Warren Buffett has offered a lot of timeless wisdom to investors over the years. Considering the recent turmoil in Cyprus, now is a good time to review a fellow named Mr. Market.
The Oracle of Omaha and chief executive officer of Berkshire Hathaway (NYSE:BRKA) (NYSE:BRKB) makes regular appearances on television, but his annual letters to shareholders still provide the biggest bang for your buck. In the 1987 letter, Buffett introduces readers to Mr. Market, a character that came into Buffett’s life from his teacher and the father of value investing, Benjamin Graham. Mr. Market is the mental attitude towards market fluctuations. He is reliable in the sense that he appears daily to provide market quotations. However, his mood is anything but reliable.
If Mr. Market was a real person, he would have a prescription for every bipolar pill under the sun, and it still wouldn’t be enough.
Buffett explains, “The poor fellow has incurable emotional problems. At times he feels euphoric and can see only the favorable factors affecting the business. When in that mood, he names a very high buy-sell price because he fears that you will snap up his interest and rob him of imminent gains. At other times he is depressed and can see nothing but trouble ahead for both the business and the world. On these occasions he will name a very low price, since he is terrified that you will unload your interest on him.”
Since the March 2009 bottom, Mr. Market has been very focused on only the good. In fact, the rebound in stocks is often referred to as the most-hated rally in history. Growth and unemployment concerns have been tossed aside in favor of Federal Reserve easing, apparently Mr. Market’s favorite medicine. Nonetheless, doubt is beginning to rise.
It is too early to tell if a larger pullback is underway, but stocks are feeling less certain about themselves than they did just a couple weeks ago. Cyprus stepped into the spotlight earlier this month by deciding to confiscate bank deposits to satisfy requirements for a bailout from international leaders. The small island in the Mediterranean Sea allowed its banking system to grow to roughly eight times gross domestic product, and now finds itself insolvent amid the euro-zone financial crisis. The decision to seize insured bank accounts with under 100,000 euros was ultimately reversed, but the damage is already done. Banks in the country have yet to reopen.
When confidence is lost, it can be extremely hard to regain. With capital controls and contagion fears spreading, Mr. Market appears to be turning a bit more cautious. Last week, the Dow Jones Industrial Average (NYSEARCA:DIA) finished in the red to break its four-week winning streak, while the S&P 500 (NYSEARCA:SPY) continues to struggle with making new all-time nominal highs. The decline is not even a blip in the bigger picture, but it is a clear contrast to pre-Cyprus movement.

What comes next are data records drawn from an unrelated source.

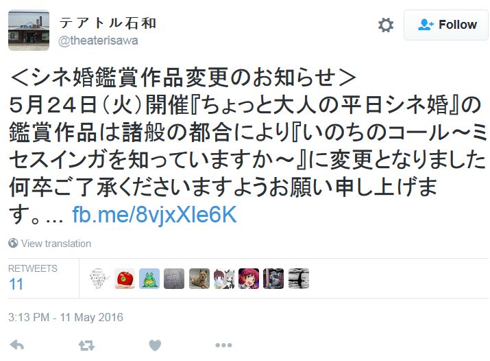 (출처: https://twitter.com/theaterisawa/status/730279624811352064)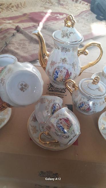 - Xüsusiyyətlər: parlaq şirə örtüyü, detallı qızıl bəzəklər, uyğunlaşdırılmış motivli fincan və sousniklər, rahat tutuş üçün ergonomik qulplar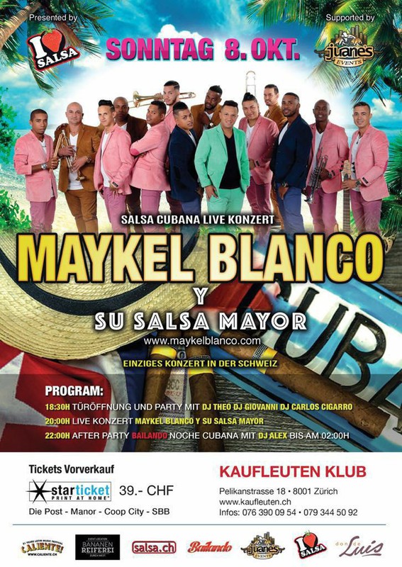 https://www.starticket.ch/de/tickets/maykel-blanco-y-su-salsa-mayor-20171008-2000-kaufleuten-klub-zurich " I Love Salsa Switzerland präsentiert den Salsa-Superstar " ★ MAYKEL BLANCO y SU SALSA MAYOR (Cuba) Live ★ 14 Musiker - www.maykelblanco.com ★ SONNTAG 8. OKTOBER 2017 Einziges Konzert in der Schweiz ★ MAYKEL BLANCO Konzert Supported by JUANES PARTY ★ www.juanesevents.ch ★ PROGRAM: 18:30h Türöffnung 20:00h Live Konzert Maykel Blanco y Su Salsa Mayor 22:00h After Party BAILANDO Noche Cubana mit DJ Alex ★ TICKET: 39.- CHF Vorverkauf, ( Starticket, Die Post, Coop City, Manor ) 45.- CHF Abendkasse ( Kaufleuten ) ★ https://www.starticket.ch/de/tickets/maykel-blanco-y-su-salsa-mayor-20171008-2000-kaufleuten-klub-zurich ★ SUPPORT ACT: DJ Theo, Giovanni, DJ Carlos Cigarro, DJ Alex vor und nach dem Konzert Salsa Cubana Party ★ LOKAL: KAUFLEUTEN KLUB Pelikanstrasse 18, 8001 Zürich, www.kaufleuten.ch INFOS: 076 390 09 54 & 079 344 50 92 ★ YOUTUBE: https://youtu.be/llIZRZXmZ8A https://youtu.be/6EJ6c0k2Xao https://youtu.be/tdZvyiU6uEQ
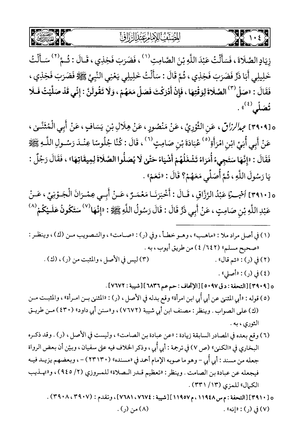 ° [٣٩٠٩] عبد الرزاق، عَنِ الثَّوْرِيِّ، عَنْ مَنْصُورٍ، عَنْ هِلَالِ بْنِ يَسَافٍ، عَنْ أَبِي الْمُثَنَّى، عَنْ أَبِي أُبَيِّ ابْنِ امْرَأَةِ (¬٥) عُبَادَةَ بْنِ صَامِتٍ (¬٦)، قَالَ: كُنَّا جُلُوسًا عِنْدَ رَسُولِ اللَّهِ - صلى الله عليه وسلم - فَقَالَ: "إِنهَا سَتَجِيءُ أُمَرَاءُ تَشْغَلُهُمْ أَشْيَاءُ حَتَّى لَا يُصَلُّوا الصَّلَاةَ لِمِيقَاتِهَا"، فَقَالَ رَجُلٌ: يَا رَسُولَ اللَّهِ، ثُمَّ أُصَلِّي مَعَهُمْ؟ قَالَ: "نَعَمْ".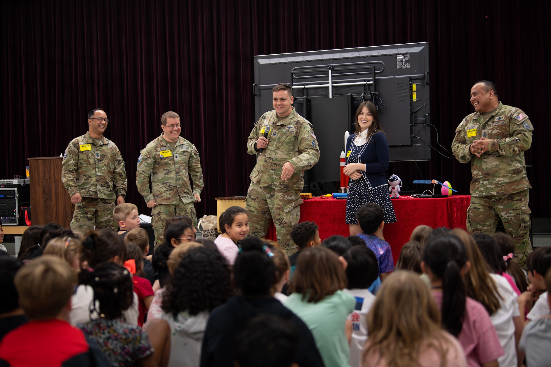 Members from the Space Systems Command STEM outreach team and U.S. Space Forces Japan answer questions from Joan K. Mendel Elementary School students at Yokota Air Base, Japan, May 16, 2024.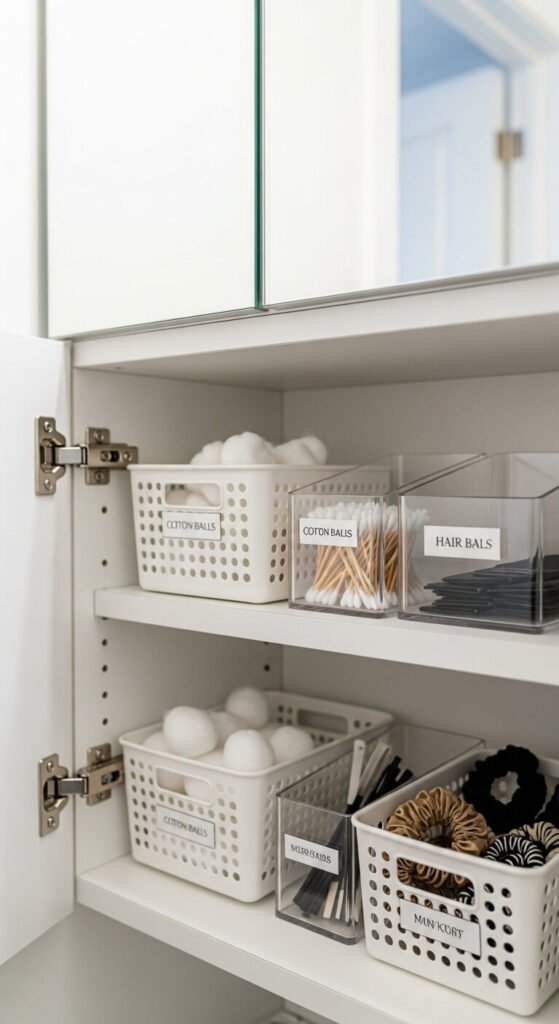 Bathroom cabinets collect clutter faster than almost any other space. Label each basket or bin inside your vanity so everyone in the house knows where things live. Categories like “Hair,” “Skincare,” “First Aid,” and “Extras” work well. Use waterproof label tape if your label maker supports it — bathrooms get humid. Clear acrylic bins from the dollar store or Amazon work great here and let you see the contents. This project takes about 15 minutes and keeps the whole bathroom running smoothly.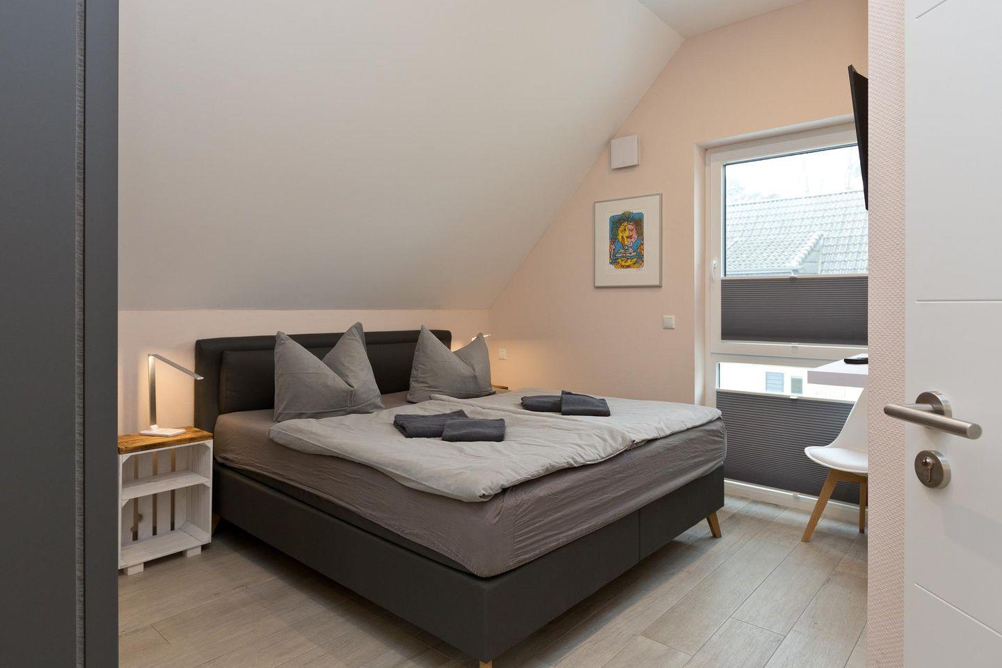 Im Obergeschoss befinden sich die Schlafzimmer, alle sind mit einem Boxspringbett ,Matratzenschoner sowie Zudecken und Kopfkissen ausgestattet. Nachttische und Nachttischlampen bieten Ihnen die Möglichkeit in Ruhe ein Buch zu lesen oder Sie nutzen die im Schlafzimmer an der Wand befestigten TV Geräte um den Abend ausklingen zu lassen.

One of the most important things to remember about Mr. Market is that you can ignore him. If the Cyprus situation is causing too many unknowns for you, take a step back.
Buffett writes, “He doesn’t mind being ignored. If his quotation is uninteresting to you today, he will be back with a new one tomorrow. Transactions are strictly at your option. Under these conditions, the more manic-depressive his behavior, the better for you. But, like Cinderella at the ball, you must heed one warning or everything will turn into pumpkins and mice: Mr. Market is there to serve you, not to guide you. It is his pocketbook, not his wisdom, that you will find useful. If he shows up some day in a particularly foolish mood, you are free to either ignore him or to take advantage of him, but it will be disastrous if you fall under his influence.”

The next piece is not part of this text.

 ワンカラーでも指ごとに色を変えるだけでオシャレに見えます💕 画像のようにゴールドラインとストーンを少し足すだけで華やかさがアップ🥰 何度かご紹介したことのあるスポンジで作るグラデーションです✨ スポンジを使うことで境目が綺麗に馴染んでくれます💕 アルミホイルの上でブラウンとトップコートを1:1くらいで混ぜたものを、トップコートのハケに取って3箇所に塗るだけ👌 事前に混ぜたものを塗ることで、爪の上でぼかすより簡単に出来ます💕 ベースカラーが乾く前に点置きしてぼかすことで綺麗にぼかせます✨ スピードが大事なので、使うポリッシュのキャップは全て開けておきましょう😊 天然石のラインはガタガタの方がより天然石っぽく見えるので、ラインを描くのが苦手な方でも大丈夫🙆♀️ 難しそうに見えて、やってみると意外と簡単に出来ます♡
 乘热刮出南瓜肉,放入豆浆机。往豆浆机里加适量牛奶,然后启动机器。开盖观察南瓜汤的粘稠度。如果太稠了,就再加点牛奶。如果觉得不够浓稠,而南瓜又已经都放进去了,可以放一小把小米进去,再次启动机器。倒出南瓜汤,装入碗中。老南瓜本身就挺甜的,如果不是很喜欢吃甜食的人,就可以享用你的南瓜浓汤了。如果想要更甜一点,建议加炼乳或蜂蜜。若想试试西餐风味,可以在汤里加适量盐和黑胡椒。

Even though central banks around the world are devaluing fiat currencies, the mantra that “cash is king” is still relevant. Cash on the sidelines should never be underestimated. If you are fully invested, you are unable to take advantage of the dramatic mood swings of Mr. Market. Buffett enjoys a good deal as much as the next guy, but he has pledged to keep a cash reserve of at least $10 billion to both withstand unprecedented insurance losses, and take advantage of Mr. Market.
The Cyprus situation, macroeconomic issues, and market intervention by central banks are tugging Mr. Market left and right. With volatility near multi-year lows, the mood swings are likely to increase in the future. However, if you don’t like the prices coming from Mr. Market, there is always tomorrow.